3

Following python doc to replace shell-pipeline, I have a piece of code that looks like this.

p1 = Popen(["tac" , "/var/log/some_process_log.output"], stderr=PIPE, stdout=PIPE)
p2 = Popen(["head", "-n", "1000"], stdin=p1.stdout, stdout=outfile)
p1.stdout.close()  # Allow p1 to receive a SIGPIPE if p2 exits.
output = p2.communicate()[0]

outfile is where I want to redirect the output of head command. The log file is very large and hence I am doing a 'head' on it

The chaining is like p1 | p2 | p3 | ..... | Pn > outfile

If there's an error in execution of p1 e.g. the user does not have read permissions on the /var/log/some_process_log.output file, error message in p1.stderr is not piped through when I do Pn.communicate()
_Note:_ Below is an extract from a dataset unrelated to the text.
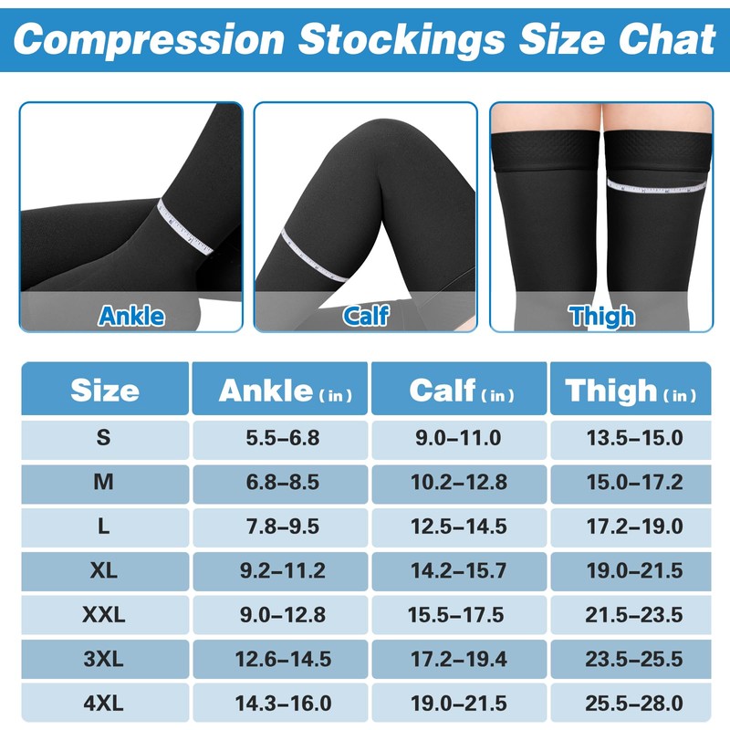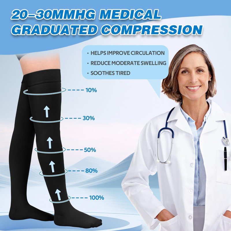 - GRADUARED COMPRESSION: These compression stockings for women are progressive compression of 20-30 mmHg with a gradual reduction in the pressure level from the ankle to the thigh. This design can ensure effective compression without making your thighs feel too tight, helping to reduce pressure on your legs and relieve pain.

If I do p1.stderr.readline() at every stage, then it takes long time to process. This is mentioned in pydocs:

Note The data read is buffered in memory, so do not use this method if the data size is large or unlimited.

I am avoiding subprocess.check_output since it does not handle piping and plus it needs the unsafe shell=True

Any help would be appreciated. Thanks

Yogesh lele
  • 392
  • 4
  • 17

1 Answers1

0

You could create a separate pipe with:

import os
errread, errwrite = os.pipe()

And set the write-end as the stderr for all your Popen instances:

p1 = Popen(["tac" , "/var/log/some_process_log.output"], stderr=errwrite, stdout=PIPE)
p2 = Popen(["head", "-n", "1000"], stdin=p1.stdout, stderr=errwrite, stdout=outfile)

Remember to close the write-end when it's done:

os.close(errwrite)

And get your error messages with either:

data_group = os.read(errread, buf_size)

or:

import io
data = io.open(errread, 'rb', buf_size).read()
Fantix King
  • 1,414
  • 1
  • 14
  • 13